Global stock markets surged after Washington and Tehran confirmed a landmark agreement to end their conflict and reopen the Strait of Hormuz Adam Śmigielski/UNSPLASH

Global stock markets surged on Monday after Washington and Tehran confirmed a landmark agreement to end their conflict and reopen the Strait of Hormuz, easing fears of prolonged energy disruption.

The actual signing of the US-Iran deal is scheduled to take place on Friday, 19 June 2026. It is a tentative deal on ending the hostilities in the Middle East which sent stocks soaring and oil prices dropping.

Market Rally as Peace Deal Sparks Global Relief

Japan's Nikkei 225 jumped more than five per cent in early trading, while South Korea's Kospi and Taiwan's Taiex also rallied strongly, reflecting investor optimism over the sudden geopolitical breakthrough.

US stock futures also climbed, with S&P 500 and Nasdaq contracts rising as traders reacted to news of the ceasefire and expected easing of global risk pressures.

Oil Collapse and Energy Outlook After Strait Reopening

Brent crude prices fell sharply by around four to five per cent, dropping below 83 dollars a barrel as traders priced in the return of oil flows through the key waterway.

Analysts said the deal could ease inflation pressures globally, but warned that full normalisation of shipping in the Gulf could take many months due to logistical delays and security concerns.

Trump Announces Reopening of Strait of Hormuz

US President Donald Trump said in a social media post that he had authorised the reopening of the Strait of Hormuz and the removal of naval restrictions, calling it a turning point for global energy stability.

However, shipping experts cautioned that despite the announcement, thousands of vessels remain stranded in and around the Gulf, with concerns over mines, damaged infrastructure and insurance risks continuing to slow recovery efforts.

Oil Prices Fall Across the Globe

Economists said the fall in oil prices would likely ease inflation pressures across major economies, giving central banks more room to consider interest rate cuts later in the year.
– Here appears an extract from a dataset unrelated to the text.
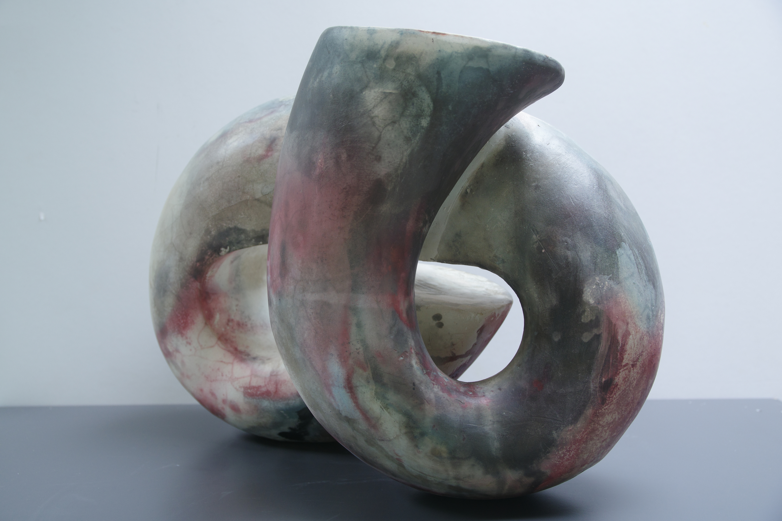 Mijn keramiek is rond, gebogen, zacht en geleidelijk verlopend met verrassende details van laagsgewijs opgebouwde onderdelen die juist speciale aandacht krijgen. Ik laat me uitdagen door het zogenaamde primitieve stoken; pitfire en naked raku.
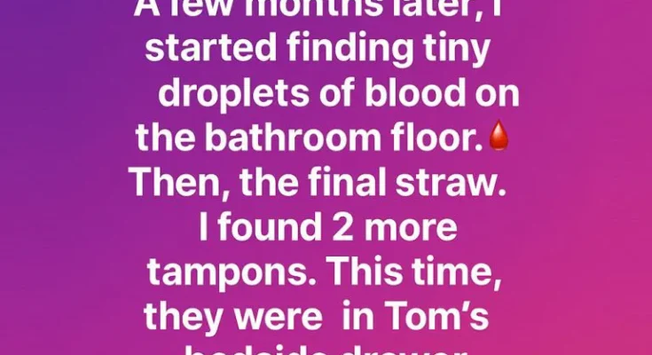 However, over the next few months, more small things caught my attention — faint red stains on the bathroom floor, tissues hidden in the trash, and Tom growing distant and nervous.

Market strategists also noted that renewed stability in the Middle East could improve investor sentiment in Europe and the United States, especially in energy intensive sectors.

However, they warned that volatility could return quickly if implementation of the agreement falters or if regional tensions resurface unexpectedly. Energy analysts highlighted that reopening the Strait of Hormuz would be crucial for restoring global supply chains, though they emphasised the process would be gradual.

Prices Won't Go Back to Normal Immediately

The International Energy Agency previously estimated a shortfall of around fourteen million barrels per day during the disruption, underscoring the scale of the shock to global markets.

Insurance firms and shipping companies also warned that war risk premiums and logistical bottlenecks would not disappear immediately, even with a formal ceasefire in place.

It may take several months for global energy flows to return to the way it was, due to the logistical challenges of clearing the backlog of vessels in the Gulf and the need to clear Iranian naval mines in the water.

Despite the challenges, markets remained broadly optimistic, with traders betting that the agreement could mark a turning point for global trade, energy security and regional diplomacy over the coming months.

US, Europe, Asia Need to Talk

Attention now turns to upcoming monetary policy meetings in the United States, Europe and Asia, where policymakers will assess whether the decline in oil prices provides enough confidence to adjust their inflation outlooks and potentially signal a shift toward looser financial conditions if stability holds.

Analysts also said that while the immediate market reaction has been strongly positive, the longer-term trajectory will depend on whether both sides fully implement the agreement, maintain open shipping routes and avoid renewed escalation that could disrupt energy supplies and reverse recent gains in investor confidence globally over the time period.